Escaping from ZITs (Zombie Innovation Traps)

I guess we’re all still interested in the phenomenon of Steve Jobs, and we probably remember how he visited Xerox’s Palo Alto Research Center (PARC) back in December 1979 and saw a demonstration of prototype technologies that included bit-mapped video displays, graphical user interfaces (GUI) and different types of mouse, and immediately realised that these prototypes had the potential to differentiate future Apple computers. We note how Jobs had to go all the way to the top of Xerox to demand a private demonstration for Apple technical experts, and the (longer than expected) march to the ground-breaking Apple Macintosh began, followed by Bill Gates supporting software development for the Mac in order to learn about graphical environments, which ultimately led to the inclusion of Macintosh features in Windows. And the rest is history.

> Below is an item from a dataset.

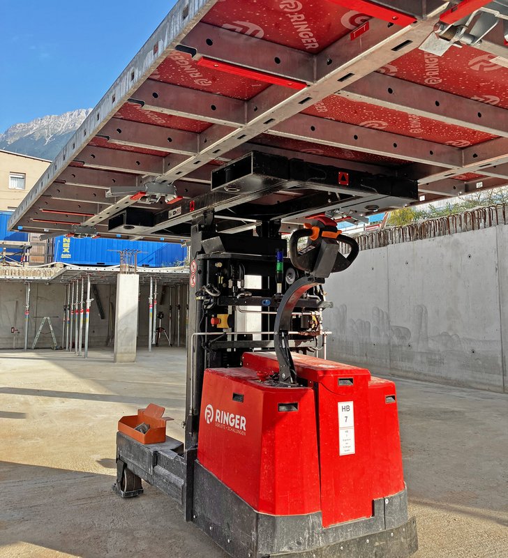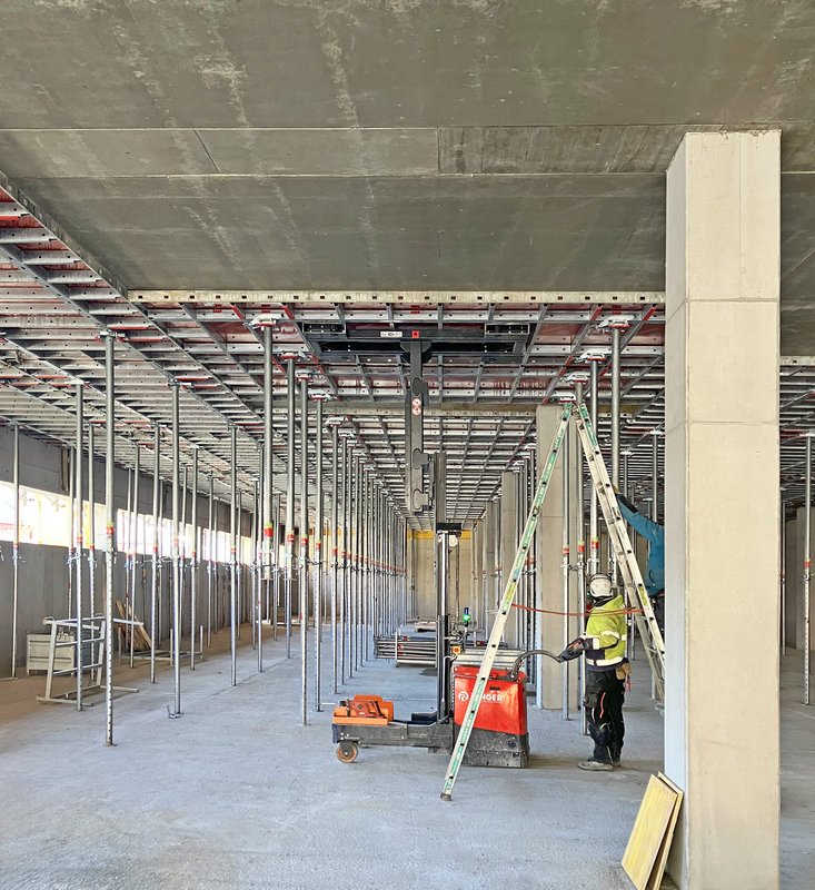 Für die Herstellung der rund 9.300 m² umfassenden Deckenflächen kam unter anderem die RINGER Deckenschalung-Systemfamilie zum Einsatz – bestehend aus den großflächigen DEKplus Deckentischen und der handlichen AluDEK Moduldeckenschalung. Die Kombination aus Geschwindigkeit, Flexibilität und Sicherheit war maßgeblich für den zügigen Baufortschritt.
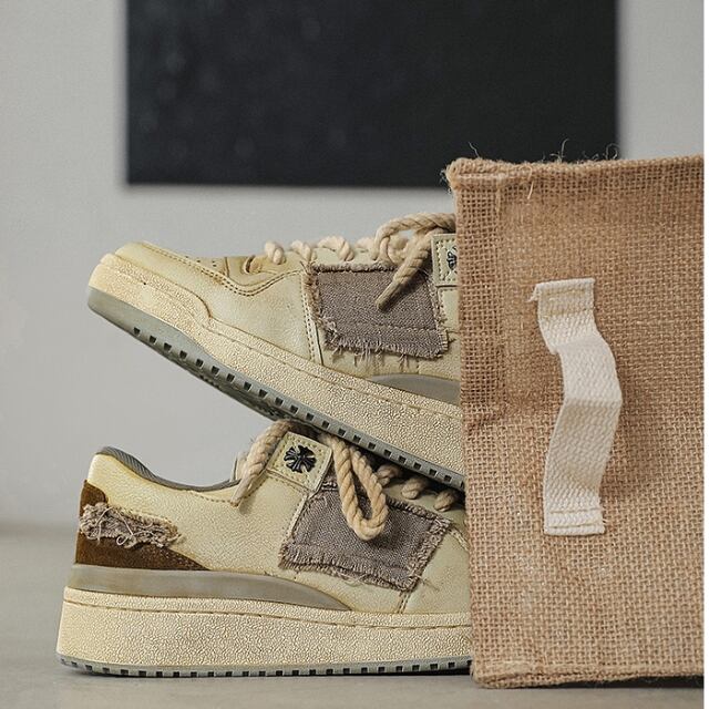 【予約販売】ダッドスニーカー メンズ アグリースニーカー 厚底 靴 ヴィンテージ風 レトロ ベージュ 韓国スニーカー お洒落 カジュアル B系 ダンス ストリート 韓国ファッション 24.5cm/25cm/25.5cm/26cm/26.5cm/27cm

I have to admit I have always wondered about the nature of Xerox itself in funding research into the man-machine interface and yet being so focused on exploiting only technologies those that assisted the photocopier business.  Interestingly in 2010 Henry Chesborough, reflecting on barriers to innovation noted the impact of legacy innovation assets and models as blockers for new ideas making the transition into technologies and declared that (in effect) successful innovation would require a form of agile innovation leadership to overcome the legacy or Zombie Innovation Trap of currently-successful models of doing business.

This phenomenon of being trapped in a particular business context and unable to visualize or move to alternative business contexts (new customers, new jobs) to create or exploit new value is a classic Zombie characteristic. If you go back to the observations made in an earlier blog “How to Spot a Zombie Organization” you will remember the basic points that indicate a Zombie Organization (ZO), in that just like Zombies in films they carry their embedded “innovation trap” behaviours around with them in that their

a) Hunger for fresh human flesh is insatiable, similarly ZOs consume people, they literally use up their energy through innovation mono-culture strategies that are ultimately counter-productive (making dead models more efficient, instead of killing off).

b) Ability to work things out for themselves (like how to open doors and drive cars) or any complex co-ordinated activity is severely restricted: thus ZOs lack agility and adaptability.

c) Movement is always clumsy, that ZOs are clumsy because they pay no attention to their context. They are perpetually surprised when their environment changes.

At this point it becomes clear that the development of Agile Innovation Leadership is at a premium because it understands and anticipates the nature of the Zombie Innovation Trap, and has the skills to build new freedoms to innovate by consciously constructing and gaming innovation models that fit to the idea, instead of excluding ideas that cannot be exploited within your legacy innovation and business models.